Радихена несколько раз моргнул желтыми ресницами. Он ничего не понял.
Макилвен отошел и исчез в темноте. Радихена уселся на койку и начал стаскивать с ног сапоги.
Обладатель веселого голоса снова дал о себе знать:
— Ты воняешь. Иди, умойся. За бараком есть умывальник, найдешь. И сапоги свои сюда больше не приноси, понял?
— Понял, — сказал Радихена и поплелся к выходу. Ему вдруг сделалось грустно, и он сам не мог понять -почему.
Умывальник действительно имелся: широкий бассейн, вырубленный в камне. Вода стекала туда из узкой керамической трубки, которая торчала прямо из скалы, и Радихена некоторое время смотрел на нее, трогал и даже засовывал в нее пальцы, ощущая, как бьет упругая струя воды. Вот как, значит. Эти люди нашли в глубине гор водную жилу и сумели заключить ее в трубу.
Радихена сбросил с себя всю одежду, за исключением рубахи, и долго оттирал дорожную грязь.
Неожиданно он услышал за спиной женское хихикание. Сомнений быть не могло: какие-то особы противоположного пола наблюдают за его потугами сделаться чище. Радихена вспомнил о том, что на нем одна рубаха, когда коварный порыв ветра приподнял подол и явил созерцательницам его голый зад.
— Очень смешно! — сказал Радихена, оборачиваясь к ним.
Они захохотали и бросились бежать, однако Радихена успел рассмотреть их лица — довольно хорошенькие, как ему показалось.
Ногой он отпихнул свои лохмотья подальше от бассейна и босиком вернулся в барак.
— Замерз? — спросил его веселый сосед.
— Ноги сводит, — признался Радихена.
— Это ничего, рыжий, — сказал весельчак. — Меня зовут Тейер.
— Ты здесь давно?
— Всю жизнь... Ну, лет с двенадцати, — сказал Тейер. — Пересаживайся пока на мою койку, я тебе кое-что покажу.

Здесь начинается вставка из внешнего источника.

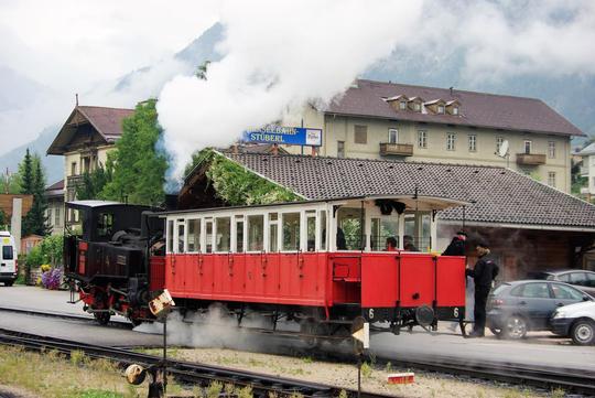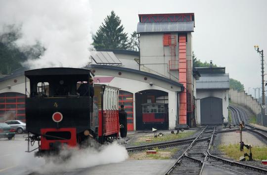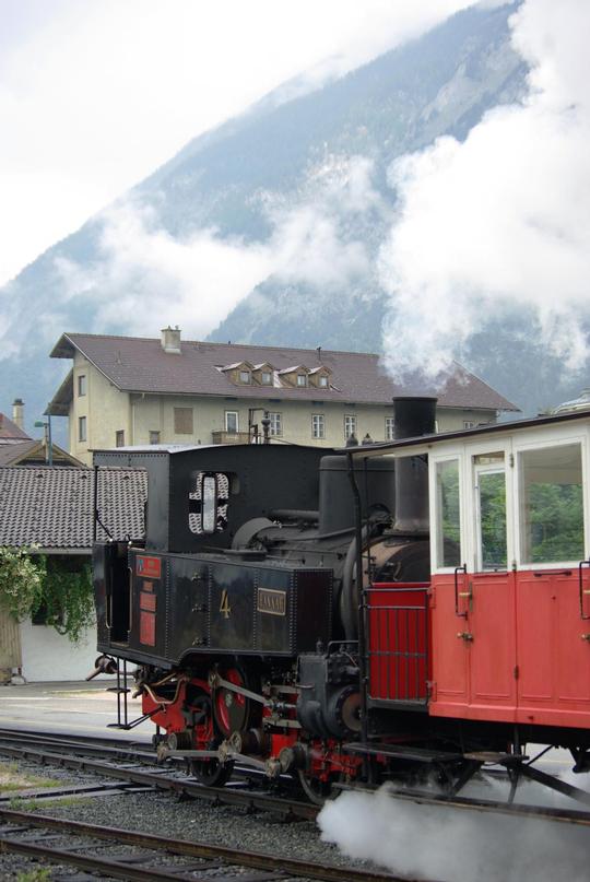 On September 1st 2013, No 4 marshals it's train at Jenbach. Note the rack section that begins behind the carriage, on the right of the photo.
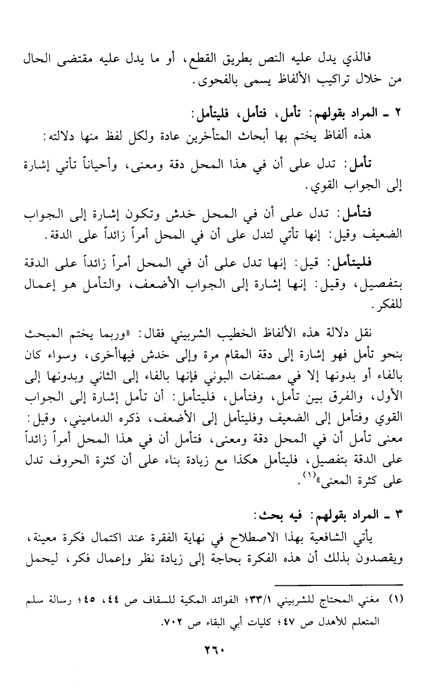نقل دلالة هذه الألفاظ الخطيب الشربيني فقال: «وربما يختم المبحث بنحو تأمل فهو إشارة إلى دقة المقام مرة وإلى خدش فيها أخرى، وسواء كان بالفاء أو بدونها إلا في مصنفات البوني فإنها بالفاء إلى الثاني وبدونها إلى الأول، والفرق بين تأمل، وفتأمل، فليتأمل: أن تأمل إشارة إلى الجواب القوي وفتأمل إلى الضعيف وفليتأمل إلى الأضعف، ذكره الدماميني، وقيل:
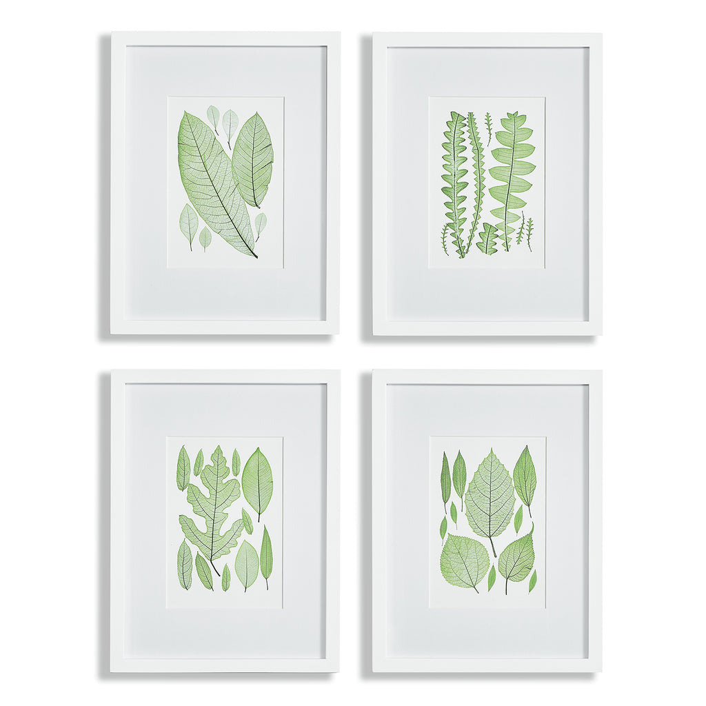 In a woodcut-like composition, this set of four prints add a vibrant pop of green. Finished off with a crisp white mat and simple frame, they make a charming set for powder room or study.
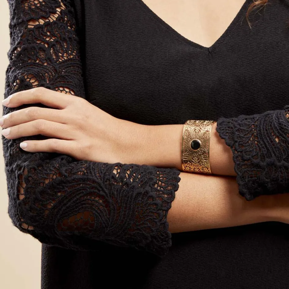Bracelet Jonc Acier Dore Arabesques Agate Noire Diametre 60mm
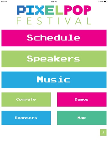 The PixelPop Festival app has the full schedule, session descriptions, speaker bios, demo information, tournament information, an event map, and other important event information.
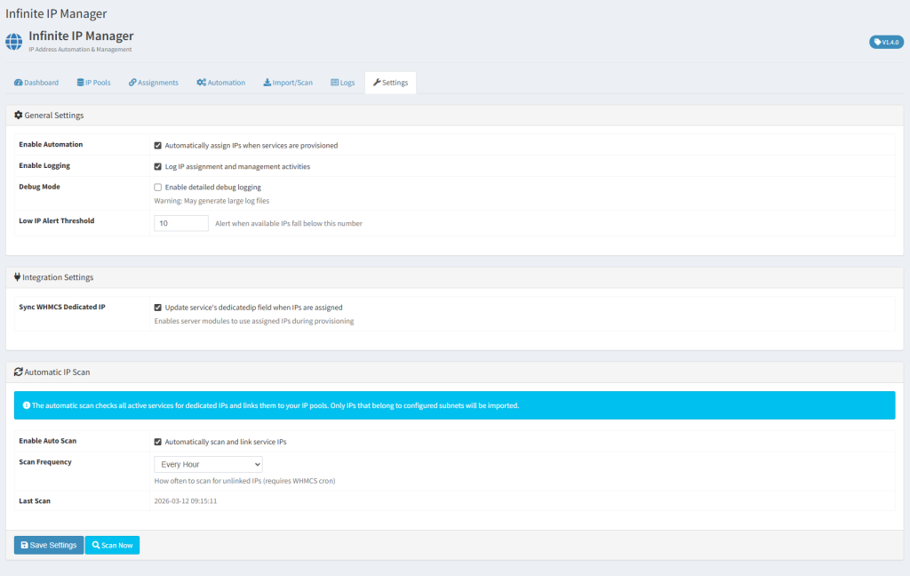 - Automation rules per product and addon with configurable IP counts
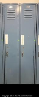You get 2 lockers. Has hanger hooks. Missing a rivet in the back. Some damage to the outside. Doors work good. Overall approx. 78" H, 24" W, 15" D.
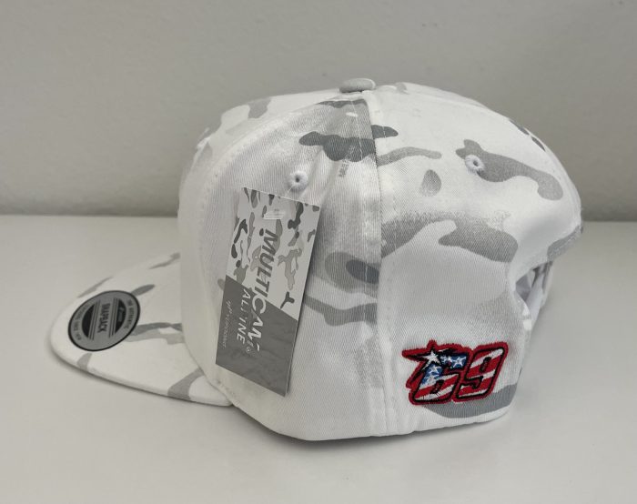 Hat Details: FLEXFIT 110 MULTI-CAM CAMOUFLAGE SNAPBACK HATS. The iconic Nicky Hayden “69” logo on the front.
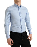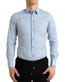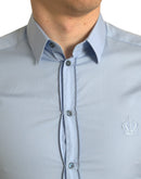 Dolce & Gabbana Sky Blue Cotton Men Formal GOLD Dress Shirt
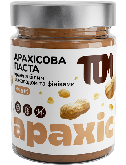 Склад: смажений арахіс (80%), фініки сушені подрібнені, білий шоколад, шматочки арахісу смаженого.

Он наклонился и вытащил, небольшой плетеный короб.
— Тут у меня всякое имущество, — пояснил Тейер. — Гляди.
Он выбросил наверх две пары штанов, рубаху из плотной темной ткани, ременный пояс и завернутые в тряпицу сапоги.
— Возьми.
Радихена осторожно коснулся этих вещей. Они были сделаны очень добротно. Радихена покачал головой.
— Не могу.
— Почему? Я от души предлагаю. Не за деньги. Потом как-нибудь сочтемся.

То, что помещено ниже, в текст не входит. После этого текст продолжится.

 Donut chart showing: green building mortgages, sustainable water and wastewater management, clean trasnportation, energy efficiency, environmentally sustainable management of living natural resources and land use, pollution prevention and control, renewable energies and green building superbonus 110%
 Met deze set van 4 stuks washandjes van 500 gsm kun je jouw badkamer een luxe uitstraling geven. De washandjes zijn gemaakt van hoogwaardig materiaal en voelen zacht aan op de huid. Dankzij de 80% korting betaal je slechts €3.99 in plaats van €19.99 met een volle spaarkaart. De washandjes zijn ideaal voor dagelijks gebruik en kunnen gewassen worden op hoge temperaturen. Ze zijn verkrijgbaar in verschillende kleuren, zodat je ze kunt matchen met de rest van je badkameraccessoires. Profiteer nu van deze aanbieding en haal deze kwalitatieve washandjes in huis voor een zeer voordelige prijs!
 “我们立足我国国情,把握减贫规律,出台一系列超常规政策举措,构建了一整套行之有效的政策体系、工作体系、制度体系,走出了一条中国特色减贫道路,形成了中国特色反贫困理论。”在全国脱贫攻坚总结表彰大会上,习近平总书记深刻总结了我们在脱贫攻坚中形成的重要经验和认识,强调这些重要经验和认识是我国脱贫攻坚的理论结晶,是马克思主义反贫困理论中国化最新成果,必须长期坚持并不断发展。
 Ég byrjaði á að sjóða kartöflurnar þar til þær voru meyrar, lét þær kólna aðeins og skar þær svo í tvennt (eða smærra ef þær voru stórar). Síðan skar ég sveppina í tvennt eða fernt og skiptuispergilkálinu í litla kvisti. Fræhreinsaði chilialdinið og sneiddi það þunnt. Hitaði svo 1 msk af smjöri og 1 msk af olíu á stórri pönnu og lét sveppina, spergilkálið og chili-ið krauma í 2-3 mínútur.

Радихена взял сапоги, примерил. Оказались чуть великоваты.
— В первый раз надеваю новую вещь, — признался Радихена.
Тейер потянулся, хрустнул косточками.
— Вы, с юга, все чудные, — заявил он. — Расскажешь потом, как там житье.
— Нет там никакого житья, — ответил Радихена. — Век буду хозяину благодарен за то, что меня сюда продал.
— Ты сильно не радуйся, — предупредил Тейер. — Тут тоже не все хорошо.
— Женщины есть — и ладно, — сказал Радихена.
— А, уже видел? — Тейер хмыкнул. — Здесь такие встречаются особы... С ними ухо востро! Они — не то что ваши южанки, от всяких глупостей не размякают. Они сразу суть человека видят. Если рохля, трус или плохо работает — нипочем к себе не подпустят. Такие вот женщины. Я тебе потом про них расскажу... Полезно знать.
— Я умывался, а они подглядывали, — сказал Радихена, чувствуя непонятную нежность к незнакомкам, хихикавшим в темноте. — Можно подумать, голой задницы никогда не видали!
— Задница, брат, в наших краях не редкость, — философски заметил Тейер, и оба они рассмеялись.
Затем Тейер посерьезнел. Зашептал:
— Я тебе одну вещь расскажу, только ты Макилвену не передавай, что я рассказывал. На твоей койке много народу перебывало. Только я четверых помню. Нехорошее какое-то место: кто на нем оказывался, тот в горах погибал.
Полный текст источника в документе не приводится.